Ik keek haar boos aan. Die vraag irriteerde me. “Een miljoen dollar verdienen, toevallig. Op een dag weet ik er zoveel van dat ik goud en diamanten kan gaan zoeken en dan ben ik een hoop waard, een hele hoop.” Daarop keek ik onderzoekend naar de lucht en deed of ik berekeningen maakte terwijl Monica mij stond op te nemen. Haar vingers plukten aan de gaten in haar maillot. Het was koud, aan het eind van de herfst. Alleen de zilverberk had nog blaadjes. Die zouden er de hele winter aan blijven zitten en geel worden, tot de lente, als de nieuwe blaadjes ze eraf zouden duwen. “Vorig jaar heeft pappa me helemaal mee naar Zuid-Afrika genomen om goud te zoeken. We zijn meer dan 2070 meter diep met een lift in de aarde afgedaald om een brokje te halen van de steen waar ze goud uit halen.” Dat was natuurlijk gelogen. Ik wou dat ik mijn goudklompje bij me had gehad, dat ik het haar had kunnen laten zien. Op dat moment besloot ik dat ik het voortaan altijd bij me zou hebben. “Al het goud dat we daar in de diepte zagen, dat was miljoenen dollars waard.”

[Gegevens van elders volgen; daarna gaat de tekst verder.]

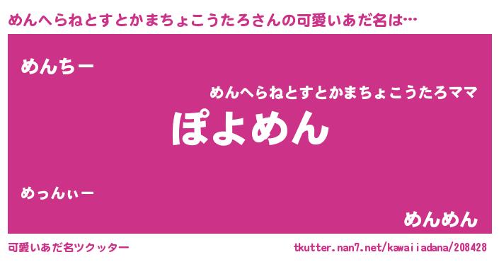 | ポケモン風あだ名 | 『メーンイ』『メンヘダネ』 |
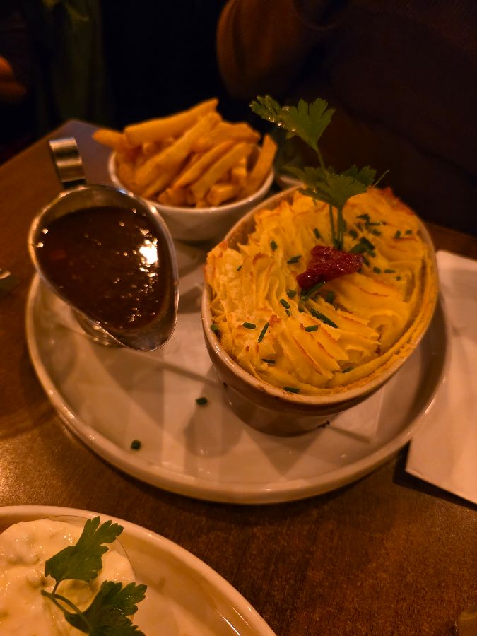 셰퍼드 파이를 한 입 베어 물자, 입 안 가득 풍미가 퍼져 나갔습니다. 부드러운 감자와 양고기의 조화는 환상적이었습니다. 기네스 스튜는 빵을 찍어 먹으니 더욱 맛있었습니다. 맥주와 함께 곁들이니 그 맛이 배가되었습니다. 음식이 조금 짠 편이라는 평도 있지만, 맥주와 함께 먹으니 전혀 문제가 되지 않았습니다. 오히려 맥주를 더 부르는 맛이었습니다. 윙 또한 살짝 짠맛이 느껴졌지만, 짭짤한 윙과 시원한 맥주의 조합은 언제나 옳았습니다. 특히 이곳의 감자튀김은 겉은 바삭하고 속은 촉촉하여 잊을 수 없는 맛이었습니다.
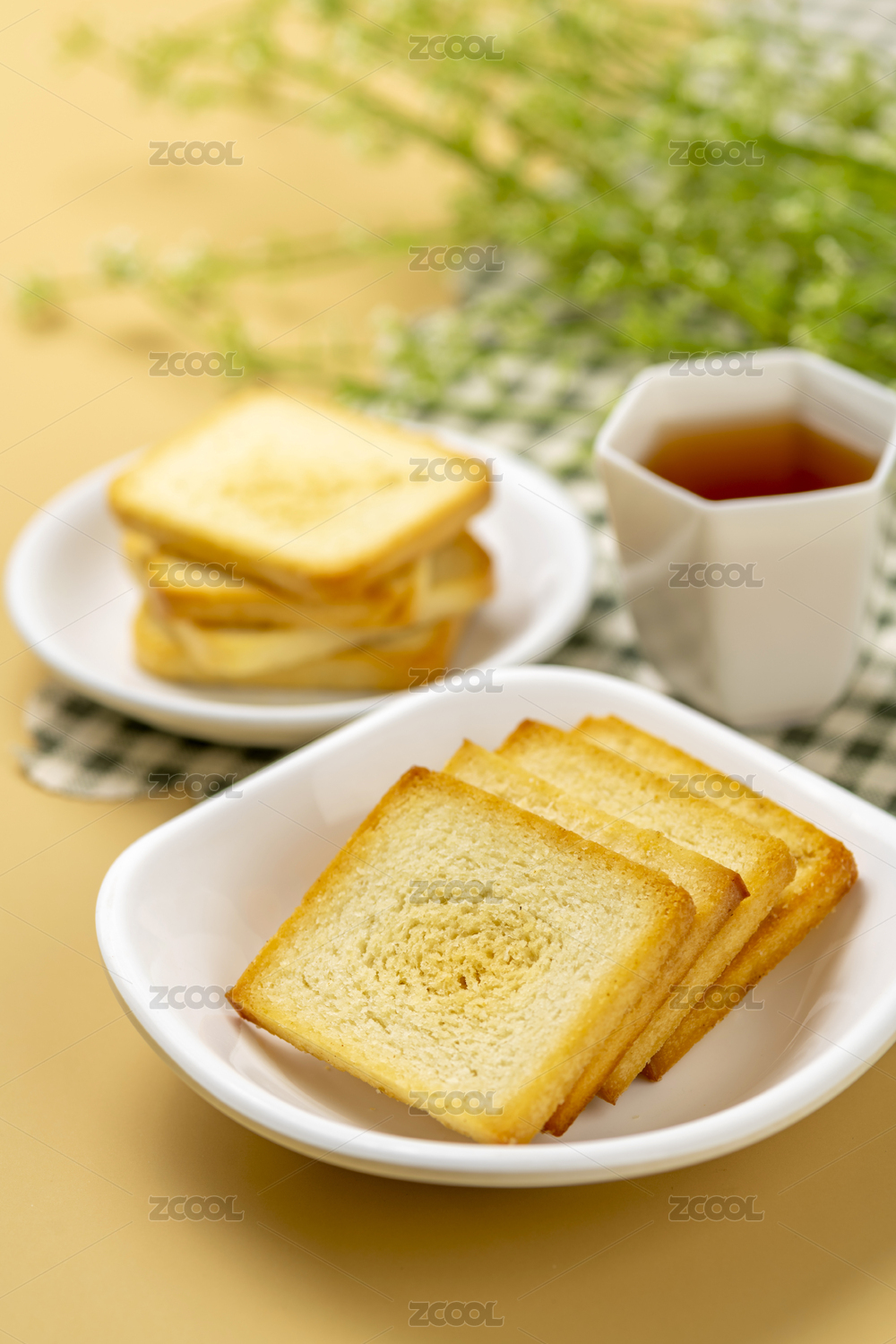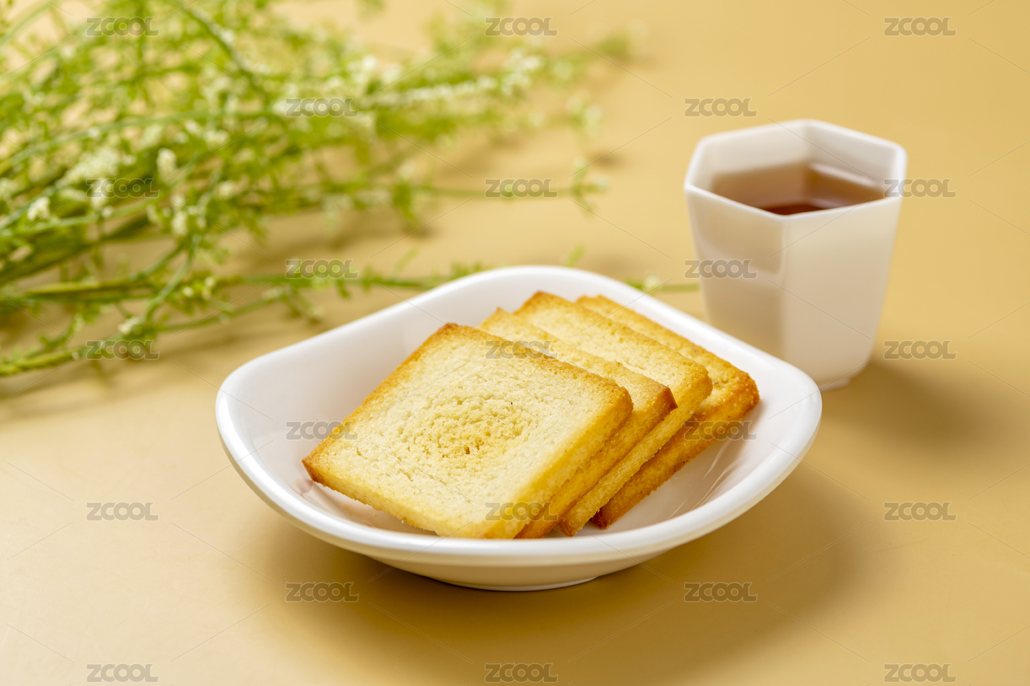 白底上放著兩塊完整的烤饃干

“Een honderd-dollardag,” zei ze, met haar blik ver weg in de bomen.
“Je moet je moeder zover krijgen dat ze jou er ook een geeft,” zei ik, terwijl ik mijn tenen samentrok in mijn schoenen.
∗
Een van de moeilijkste dingen van het wonen in de camper was verkleden. Ik verkleedde me vaak. Ik verkleedde me minstens driemaal per dag. Voor een deel omdat de temperatuur aldoor veranderde. Voor een deel omdat ik het gewoon leuk vond. Maar ik kreeg de kunst onder de knie om een andere jurk aan te trekken zonder ook maar iets van mijn lichaam te laten zien, door de ene arm eruit en de andere erin te laten glijden. Me uit de ene jurk en in de andere te hijsen.
“Ik ga je spiernaakt uitkleden,” zei Nicholas, die me betrapte bij het oefenen. Hij stond in de deuropening van de camper, achter hem stroomde zonlicht binnen. Hij had een blikje bier in zijn hand. Zijn ogen waren rode kringen, bloeddoorlopen, verscholen achter dunne blonde haarpieken. Hij was de hele tijd bier aan het drinken. “Midden in de nacht, als je slaapt.” Van de grote kinderen was hij de grootste, en voor hem was ik het bangst. Hij had gezegd dat we met zoveel waren dat je grote kans had dat er een van ons gauw dood zou gaan.